A little better summary:

The first law of Thermodynamics

The total amount of energy in the universe is constant, energy cannot be created nor destoryed, it can merely be changed from one form to another. And if Einstein is correct, then this also means that matter can neither be created nor destroyed. Basically, we got what we got, and that's all we're gonna get.

In equation form:

DE = Q + W
Change in Energy = Heat Energy entering/leaving the system + Work Energy done by/on the system

The second law of Thermodynamics

There are many ways to phrase this... My favorite way to think of it is that in any transfer of energy from one form to anther (for example, electrical to mechanical energy), useful energy is lost. Basically, you can't get out more than you put in, and you can't even get out what you put in.
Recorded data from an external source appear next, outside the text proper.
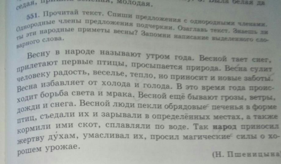 текст Спиши Предложения с однородными членами однородные члены предложения подчеркни Озаглавь текст Знаешь ли ты эти народные приметы весны Запомни написание выделенного словарного слова
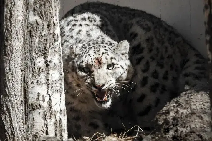 雪豹被油漆泼了个正着,它的眼睛被油漆糊住,无法看清周围的情况。它开始慌乱地四处乱撞,试图摆脱这个突如其来的攻击。
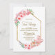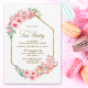 Celebrate the excitement of your recent engagement and invite your friends and loved ones to a tea party with this elegant gold geometric framed pink floral bridal shower invitation.

The second law also states that the entropy (randomness) of a system will always increase, and it's impossible to decrease entropy without work. Basically, heat and energy tend to migrate from areas of higher concentration to areas of lower concentration, and it requires work to get it to go the other way.

The third law of thermodynamics

This states that the entropy of a system will approach a constant value as the temperature decreases, and that the entropy of a pure crystal will be zero at a certain temperature (absolute zero).

The Zeroth Law of thermodynamics

Not a true law, but a derivation of the second law. This states that if two systems are in equilibrium with a third system, then they must be in equilibruim with each other. For example, if two containers of water are at the same temperature as a third, they must both be at the same temperature.